Your objective: With pictures excluded, output exactly the lines that run from the first line of the data below through the line containing "Order your very".

Study material:
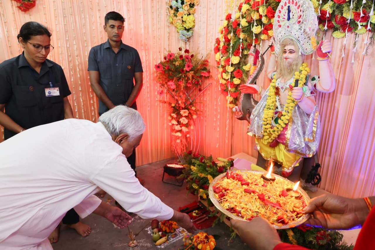 मुख्यमंत्री श्री नीतीश कुमार ने आज विश्वकर्मा पूजा के अवसर पर मुख्य सचिवालय प्रांगण में स्थापित भगवान विश्वकर्मा की प्रतिमा, नवीन पुलिस केन्द्र स्थित राज्य पुलिस परिवहन मुख्यालय में स्थापित भगवान विश्वकर्मा की प्रतिमा, पटना हवाई अड्डा स्थित स्टेट हैंगर में स्थापित भगवान विश्वकर्मा की प्रतिमा तथा विशेष सुरक्षा बल के कार्यालय परिसर में स्थापित भगवान विश्वकर्मा की प्रतिमा के समक्ष पूजा-अर्चना की एवं प्रसाद ग्रहण किया। इसके पूर्व पूर्वाह्न में मुख्यमंत्री आवास 1 अणे मार्ग में स्थापित भगवान विश्वकर्मा की प्रतिमा के समक्ष पूजा अर्चना की। मुख्यमंत्री ने भगवान विश्वकर्मा से राज्यवासियों की सुख, शांति एवं समृद्धि की कामना की। विश्वकर्मा पूजा के अवसर पर समस्त राज्यवासियों एवं देशवासियों को मुख्यमंत्री ने बधाई एवं शुभकामनायें दीं।
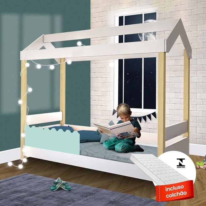 Cama Montessoriana Infantil Montessoriana Solteiro com Led e Colchão Branco Menta Divaloto
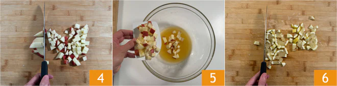 Cut the apple into cubes about 1/2 inch 4 and put them in the bowl 5. Also cut the lemon, without peeling it 6.
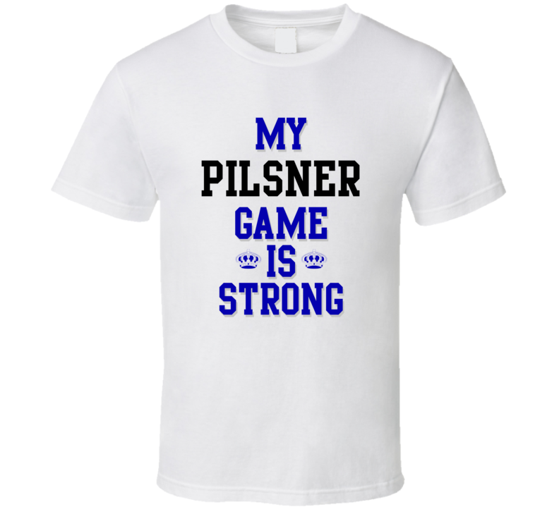 Order your very own My Pilsner Game Is Strong Funny Sport Drink Hobby Trending Fan T Shirt. It won’t be around forever so buy yours here today! Shop our huge selection of high quality, graphic apparel. Each design is offered on a variety of sizes and styles including; t shirts, hoodies, aprons and even baby one-pieces! This product is pre-treated to ensure quality and longevity of the graphic.
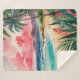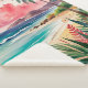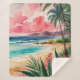 A peaceful tropical shoreline where golden sand meets rolling turquoise waves. Lush palm trees sway under a dreamy pink and teal sunset. The perfect escape for those who love the beach and ocean breeze.
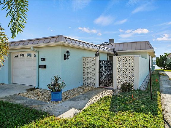 Desirable Gated 55+ Waterfront Boating Community – Boca Ciega Point on the Madeira Beach Intracoastal! You don’t need to be a boater to enjoy this exceptional lifestyle. Welcome to a coveted CORNER Villa (#642 Blvd South), a beautifully fully remodeled, 2-bedroom, 2-bath residence with a den and sweeping south-facing water views. From the moment you enter, you’ll be drawn to the water view, showcased through the bright, open layout and the spacious semi enclosed lanai—an ideal spot for enjoying fresh air, dolphin and manatee sightings, and fishing right outside your villa. The interior has been fully renovated with new flooring throughout, millwork, stainless steel kitchen appliances, cabinetry, remodeled baths, new plumbing, electrical systems, ceiling fans and lighting. The generous primary suite accommodates a king-size+ bed and features an en-suite bathroom and walk-in closet. Unique to this floor plan, the additional den, offers flexibility for an office, hobby room, or guest space. Other Villa features include Hurricane Impact Rated doors and windows, an attached 1-car garage housing a double wash tub, laundry hookups, new water heater, and your very own private courtyard for perhaps grilling or planting herbs/landscape or a place for grandchildren to play! Boca Ciega Point provides a true resort-style experience, offering tennis, a heated pool, pickleball, bocce, ground shuffleboard, a fitness center, card and game rooms. Additional community amenities include, a Boat Club, community grill area, two social rooms, and even a convenient air station for residents’ tires. HOA covers fiber-optic cable and internet, water, sewer, trash, building and flood insurance, exterior maintenance, on-site management and groundskeeping, along with Envera; a virtual gate security system. Association #9 is known for its strong reserves and excellent management. Pet friendly, one pet up to 25 lbs. This prime location sits 2 miles from Madeira Beach’s Archibald Park, where you’ll find a food concession, chair and umbrella rentals, and beautiful sunset views. Restaurants, pubs, Publix, Seminole City Center, Tyrone Mall, marinas, and the VA Hospital are all nearby. Pinellas County’s #1 tourist attraction, John’s Pass Village, provides boat/jet ski rentals, parasailing, dolphin watch tours, fishing tours and more for your visiting guests. Downtown St. Petersburg is nearly 13 miles away offering fantastic night life and the nation’s 3rd longest public waterfront park. The association was impacted by Hurricane Helene. Villa #642 offers the perfect blend of comfort, convenience, and waterfront living—whether you boat or not. Pricing reflects the option for the new owner to install a custom design dock to meet their waterfront needs in PARADISE! Show ready!

Written response:
 मुख्यमंत्री श्री नीतीश कुमार ने आज विश्वकर्मा पूजा के अवसर पर मुख्य सचिवालय प्रांगण में स्थापित भगवान विश्वकर्मा की प्रतिमा, नवीन पुलिस केन्द्र स्थित राज्य पुलिस परिवहन मुख्यालय में स्थापित भगवान विश्वकर्मा की प्रतिमा, पटना हवाई अड्डा स्थित स्टेट हैंगर में स्थापित भगवान विश्वकर्मा की प्रतिमा तथा विशेष सुरक्षा बल के कार्यालय परिसर में स्थापित भगवान विश्वकर्मा की प्रतिमा के समक्ष पूजा-अर्चना की एवं प्रसाद ग्रहण किया। इसके पूर्व पूर्वाह्न में मुख्यमंत्री आवास 1 अणे मार्ग में स्थापित भगवान विश्वकर्मा की प्रतिमा के समक्ष पूजा अर्चना की। मुख्यमंत्री ने भगवान विश्वकर्मा से राज्यवासियों की सुख, शांति एवं समृद्धि की कामना की। विश्वकर्मा पूजा के अवसर पर समस्त राज्यवासियों एवं देशवासियों को मुख्यमंत्री ने बधाई एवं शुभकामनायें दीं।
 Cama Montessoriana Infantil Montessoriana Solteiro com Led e Colchão Branco Menta Divaloto
 Cut the apple into cubes about 1/2 inch 4 and put them in the bowl 5. Also cut the lemon, without peeling it 6.
 Order your very own My Pilsner Game Is Strong Funny Sport Drink Hobby Trending Fan T Shirt. It won’t be around forever so buy yours here today! Shop our huge selection of high quality, graphic apparel. Each design is offered on a variety of sizes and styles including; t shirts, hoodies, aprons and even baby one-pieces! This product is pre-treated to ensure quality and longevity of the graphic.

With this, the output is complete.